Everyone in Zhengzhou, which has been placed under a partial lockdown, must be tested to "thoroughly uncover infections hidden among the public", the city's government said in a statement.

Zhengzhou has detected 11 cases in recent days.

The mass-testing order came as case numbers in the locked-down city of Xi'an fell to their lowest in weeks, with officials saying that outbreak had been "brought under control".

Xi'an's 13 million residents have been under stay-at-home orders for the last fortnight.

China has stuck to a rigid approach of stamping out Covid cases when they appear, with tight border restrictions and targeted lockdowns since the virus first emerged in the country in 2019.

But, with less than a month to go until the Winter Olympics, a series of small outbreaks across the country has put the strategy under pressure.

Although the number of reported cases in China is very low compared with other nations, infections in recent weeks have reached a high not seen in the country since March 2020.

China recorded 91 cases today - including 35 in Xi'an, the city's lowest tally since mid-December.

The Zhengzhou outbreak is tiny by comparison, but officials are taking no chances.

State media said about 500 close contacts had been traced from the outbreak's two symptomatic cases, linked through mahjong rooms and family gatherings.

Eight residential communities were locked down.

On Monday, one million people in Yuzhou city - in the same province as Zhengzhou - were put under stay-at-home orders after three asymptomatic cases.

China will host the Winter Olympics from 4 February, under some of the strictest rules for a mass sporting event since the pandemic started.

All athletes, officials, staff and volunteers will be within a "closed loop" system for the duration of the Games that separates them from the public.

Covid-19 cases in Australia hit new highs

Australia's daily Covid-19 cases hit a record high for the third consecutive day, further straining hospital resources and testing facilities as public anger grows over the handling of the fast-moving Omicron outbreak.

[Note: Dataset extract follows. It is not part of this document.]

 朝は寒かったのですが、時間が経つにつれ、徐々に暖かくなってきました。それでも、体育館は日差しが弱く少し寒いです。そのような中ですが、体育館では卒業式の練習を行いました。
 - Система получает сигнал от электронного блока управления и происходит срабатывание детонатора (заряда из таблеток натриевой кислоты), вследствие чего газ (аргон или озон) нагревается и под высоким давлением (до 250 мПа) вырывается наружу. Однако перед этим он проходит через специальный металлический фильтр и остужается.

Many Australians, already unhappy about long queues at public testing centres and a shortage of at-home tests, were further angered when news broke that tennis world number one Novak Djokovic had been given a medical exemption to enter the country.

Tennis Australia and the Victorian state government said Djokovic did not receive any special treatment in a blind review process that involved a panel of health experts.

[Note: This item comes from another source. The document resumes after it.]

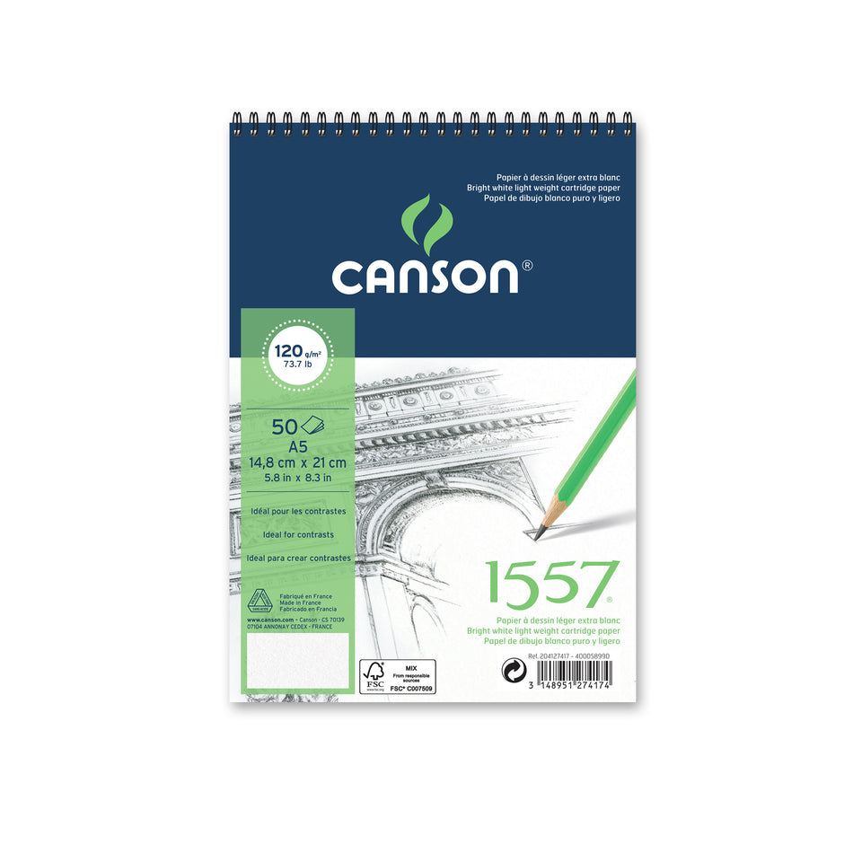Canson 1557-luonnoslehtiössä on 50 arkkia erittäin valkoista happovapaata 120g luonnospaperia koossa A5. 100%:sta selluloosaa. Kierre lyhyellä selällä.

When asked his opinion, Prime Minister Scott Morrison said the decision was the remit of the Victorian government.

People wait in line for a Covid-19 test at Southport on the Gold Coast in Australia

Mr Morrison, under pressure at the start of an election year, has sought to reassure voters that his Liberal-National Party coalition has the situation under control, while keeping tight control on the purse strings.

"There are no silver bullets here," Mr Morrison told reporters ahead of a meeting of national cabinet, the group of federal and state and territory leaders tasked with handling the pandemic.

"You've just got to work the problem, work it together and push through."

Officials reported a record 64,774 new cases, the majority in New South Wales and Victoria, the country's most populous states. That easily exceeded the previous day's national tally of around 47,800.

Total infections have surged more than 50 times from around 1,200 since late November, when the first Omicron case was detected in the country.

People admitted to hospitals in New South Wales and Victoria rose 10% over the previous day, and authorities warned those numbers would rise further over the next several weeks.

Australia has recorded more than 612,000 cases and 2,290 deaths since the coronavirus pandemic began, with more than half of those infections reported over the past two weeks.